С видом знатока Петя поинтересовался:
— Вы его с чем-нибудь смешиваете?
— Смешивать, Петруша, ничего ни с чем никогда не надо. Я предпочитаю отделять. Работу от отдыха, хобби от заработка, жену от любовницы. В этом, по-моему, состоит профессионализм в жизни и в искусстве. А вы согласны, Василий Васильевич?
— Не зна-аю, — протянул Бучинский. — Не знаю… В живописи, насколько мне известно, смешивают краски, чтобы добиться колорита — единственного, неповторимого. И заметьте себе, неплохие профессионалы получались… А в жизни… Не знаю… — Старик вдруг лукаво улыбнулся. — Вот вы, например, омлет захотите съесть. Вы что же, сначала чашку молока выпьете, потом проглотите два яйца, а потом ложку соли? Как же тут не смешивать?
Петя рассмеялся, а Фалеев поперхнулся дымом и стал по-детски тереть глаз кулаком.
— Я, наверное, все-таки смешиваю, — сказал Василий Васильевич, — вот коньяк в чай попросил налить. Путать не надо коньяк с чаем, а смешивать… отчего же. Впрочем, я в этих делах не профессионал.

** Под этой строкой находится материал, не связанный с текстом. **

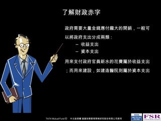 本文探讨了财政赤字的成因及政府应对策略,包括收益支出和资本支出的分类,以及财政收入来源。政府面对支出超出收入时,通常通过发行公债或增加货币供给来筹措资金,而市场筹资相对更为可取,因为增加货币供给可能导致通货膨胀。为控制赤字,政府必须在借贷上保持节制,以避免利率上升和信用评级下降。

— Кстати, о профессионализме и коньяке… — Фалеев откинулся к стенке, лицо его ушло в тень. — Я ведь тоже начинал как театральный актер. Да, Петруша. Из Харькова по распределению попал в степной городишко районного значения. Театральное помещение там существовало еще до революции, но пустовало. В зале иногда кино крутили на передвижке, а в фойе танцы-шманцы под аккордеон. Освоение целины все это изменило. Надо подымать культуру на местах! Объявился режиссер — молодой, энергичный, — собрал труппу: частично театральных волков из провинции, частично выпускников разных школ. Я попал в театр, когда они уже разыгрались вовсю. В день моего приезда исполнитель роли второго лакея в инсценировке по известной повести Горького вдруг заболевает. И срочно вводят меня. С одной репетиции. В первом акте я проношу через сцену поднос с двумя бокалами. Во втором меня вообще нет, а в третьем — кульминация роли. Один из эпизодических купцов подходит к буфетной стойке, за которой я торчу, а я должен, угодливо улыбаясь, налить ему рюмку коньяка. После чего мои партнер отходит с рюмкой на авансцену, произносит свою единственную фразу: «Знаем мы этих Маякиных» — и выпивает коньяк до дна.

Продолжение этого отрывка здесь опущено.